As numerous instances described in the text show, between the beginning of 1863 and the end of the war the scouts were instrumental in the early detection of major Union movements in north and central Virginia. Accurate intelligence regarding the size and direction of these advances were critically important to Robert E. Lee's reactions, and the scouts came through with flying colors on multiple occasions, along the way earning from Lee frequent praised mention in official reports and correspondence. The job was certainly dangerous in the extreme, and as time went on and enemy awareness of their existence expanded more and more scouts would be killed or captured.

When the war shifted from central Virginia to below the James River, the scouts further demonstrated their remarkable adaptability, almost instantly adjusting to the region's different military topography and unfamiliar civilian population. Their behind the lines operations did not skip a beat. Some of the scouts also went to North Carolina in 1865, providing the same valuable intelligence gathering and petite guerre services against Sherman's rapidly approaching Union host.

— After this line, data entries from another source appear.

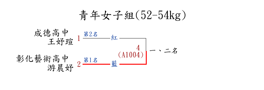 1青年女子組(46-48kg) ( 4取0 ) 圖 第 1 名[] 成德高中 {新竹市成德高中}郭怡萱
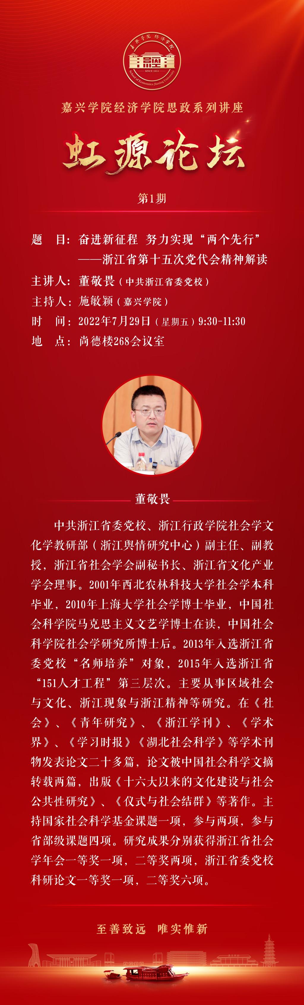 虹源论坛第1期:奋进新征程努力实现“两个先行”——浙江省第十五次党代会精神解读
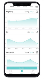 3. 每个人体重的数据变化,都会以智能图表的形式呈现,每日、每周、每月的变化情况清晰可见,用户对自身身体变化了如指掌,堪称身体管控者的福音。
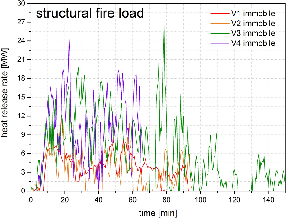 An existing strong oscillation can be seen despite the smoothing measures for the calculated HRRs of the floor (movable fire loads) in Fig. 19 and the structural components (structural fire load) in Fig. 20. Furthermore, it must be taken into account that the recorded data of the mass loss includes the dehydration loss as well as the falling off of lining parts. The HRRs shown, especially for the structural fire load, are therefore burdened with an unnamable imprecision.

Where possible, the author also provides information about which individual scouts were involved in each operation described in the book. He profiles the two most prominent scout leaders, William Mickler (the first man assigned to head the unit) and George Shadburne, arguing strongly that the latter's leadership role in the famous Beefsteak Raid (perhaps the scouts' most celebrated exploit) meant that his career as a whole would unfairly overshadow Mickler's. Thomas also effectively dispels the assertion (apparently commonly found in the writings of others) that the scouts frequently donned Union uniforms in the field. While frustrated Union commanders repeatedly threatened the scouts with execution as guerrillas, captured scouts were rarely mistreated and the author found no evidence that a scout was ever captured wearing an enemy uniform.

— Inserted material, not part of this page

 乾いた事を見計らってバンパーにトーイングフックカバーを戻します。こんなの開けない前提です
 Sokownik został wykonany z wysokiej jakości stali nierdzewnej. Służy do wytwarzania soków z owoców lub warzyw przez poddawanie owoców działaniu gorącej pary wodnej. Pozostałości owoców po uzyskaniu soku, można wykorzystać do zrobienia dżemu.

Seventy-two soldiers served in the ranks of Hampton's scouts over the 2+ years of their existence, and Thomas's study also contains an impressive biographical roster of these men. Pieced together from "Compiled Service Records, family histories, newspaper accounts, obituaries, census records,, postwar books and magazine articles," the book's `Annotated Roster of Hampton's Scouts´ generally exhibits a good-sized paragraph or more of information for each man and should be an invaluable reference tool for future use.

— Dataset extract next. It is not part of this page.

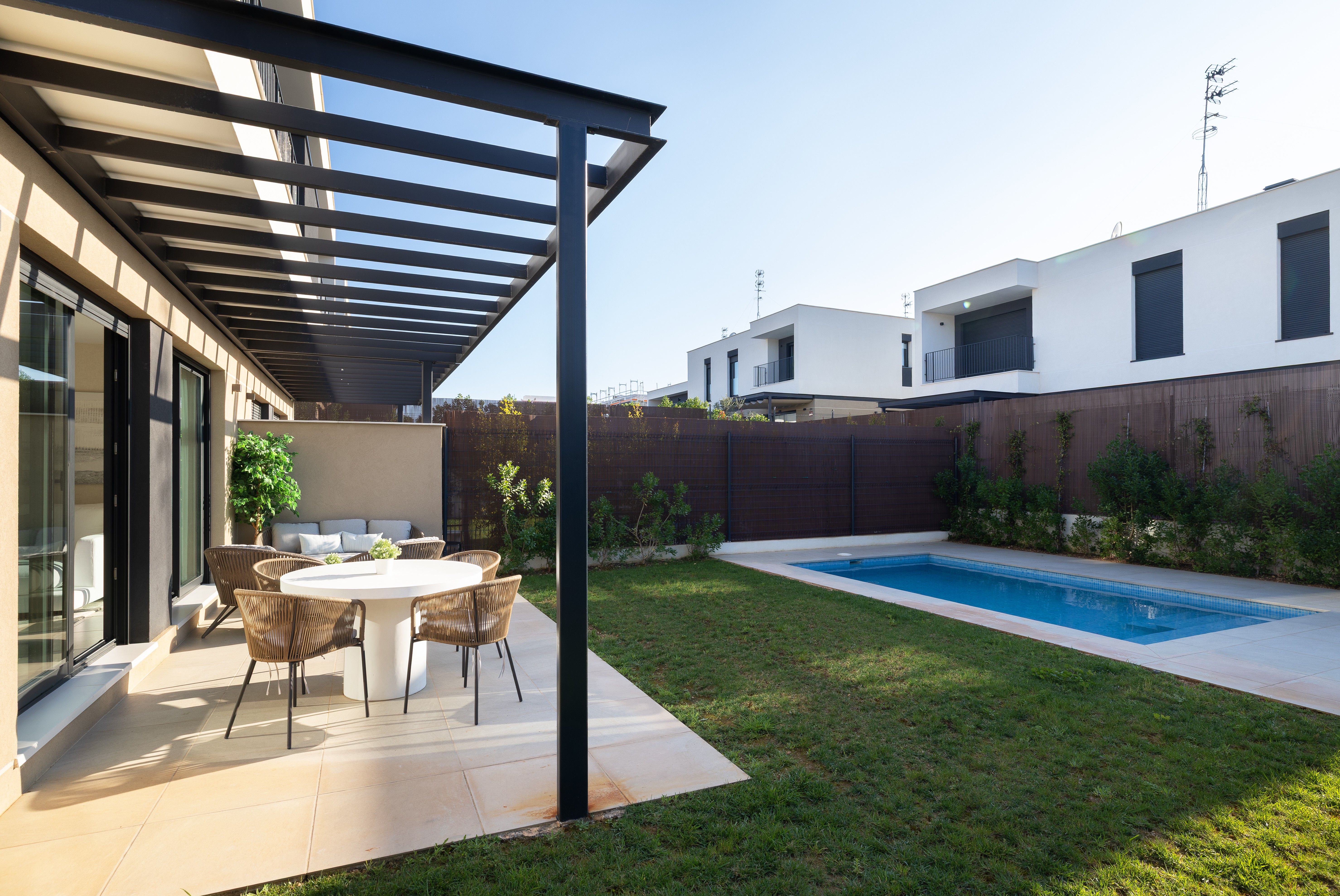 Type: House • Region: South • Construction year: 2024 • Total surface: 155 ㎡ • Total rooms: 5 • Bedrooms: 4 • Bathrooms: 3 • Living space: 155 ㎡ • Plot size: 300 ㎡ • Balconies: 1 • Parking: 2 • Terrace • Kitchen • Furnished • Swimmingpool • Heating: Central heating, Underfloor heating, Ducted air-conditioned • Heating type: Heat Pump • Floor type: Tiles, Laminate

Applying very modern terms like "special forces" to fighting men of more distant history like the scouts is often frowned upon with good reason, but Thomas's descriptions of the organization, range of missions, and tactics employed by Hampton's men do seem to invite favorable comparison. In researching and writing Wade Hampton's Iron Scouts, D. Michael Thomas has done a commendable job of compiling and interpreting all the fragments of information available about the scouts and their wartime exploits, filling in many gaps and assembling the whole into a useful narrative. In this study the Hampton scouts have their first full history and first truly comprehensive appreciation of their outsized accomplishments.

1 comment:

  1. At last, an author who took the time and effort to research the true history of this unit of Christian Confederate Soldiers. Kudos to D. Michael Thomas for his labor and keen desire to let the truth be known.